National Center for Macromolecular Imaging
Workshop Home

CIBR Mini-workshop on Parallel Computing on Linux Clusters

June  14, 2012



Steve Ludtke
Baylor College of Medicine


Steve Ludtke
*administrative contact
Please note: This mini-workshop will assume participants have a working knowledge of command-line Unix (Linux, MacOS or other) and basic programming concepts.

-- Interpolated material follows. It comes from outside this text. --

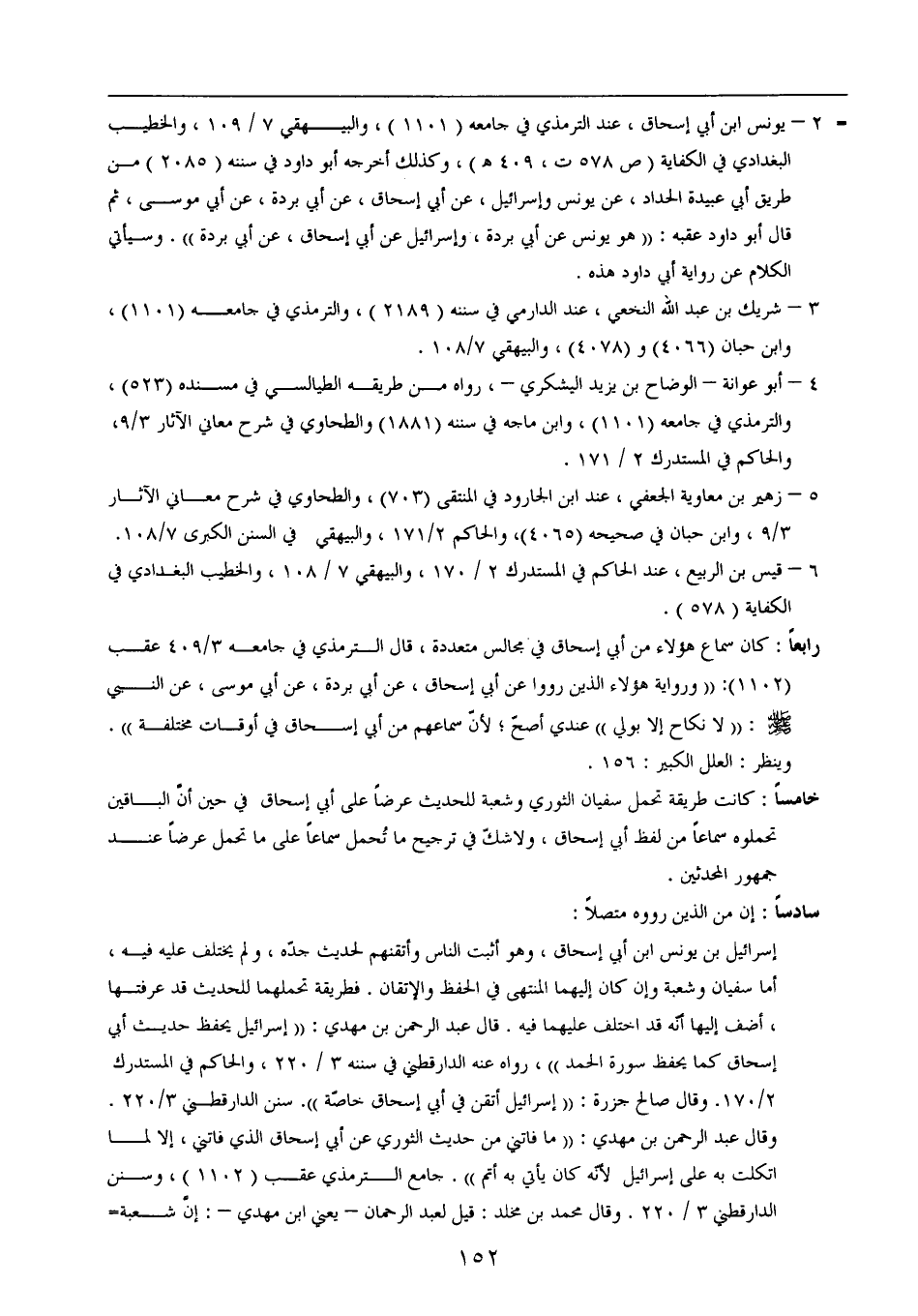 رابعاً: كان سماع هؤلاء من أبي إسحاق في مجالس متعددة، قال الترمذي في جامعه 3/ 409 عقب (1102): ((ورواية هؤلاء الذين رووا عن أبي إسحاق، عن أبي بردة، عن أبي موسى، عن النبي - صلى الله عليه وسلم -: ((لا نكاح إلا بولي)) عندي أصحّ؛ لأنّ سماعهم من أبي إسحاق في أوقات مختلفة)).

Linux clusters have become the de-facto standard for large-scale scientific computing, yet using them is considerably different than working with desktop computers. Free cluster compute time is available to CIBR faculty, and additional free compute time can be acquired from national resources such as Xsede (previously called Teragrid). Making effective use of these resources requires basic training in the capabilities, limitations and tools provided by typical Linux clusters. Full training in cluster computing generally requires several days of intensive training. In this mini-workshop we will cover basic clustering concepts, including:

  1. Cluster Architecture:
    • node capabilities
    • inter-node communications
    • external communications

  2. Cluster Tools/Methods
    • queuing systems
    • MPI
    • threads

  3. Rate-Limiting Factors
    • disk I/O limited jobs
    • network I/O limited jobs
    • memory limited jobs

  4. Strategies for Maximizing Performance
    • effective use of scratch disks
    • local caching
    • ramdisks

At the very least, participants should leave the workshop with the ability to assess their own programs, their suitability for use on clusters, and how to determine whether a particular cluster is sufficient for a particular computation. In addition, participants should be able to run cluster-enabled software on existing linux clusters, and have a general idea of how to approach converting standalone programs into cluster-enabled programs.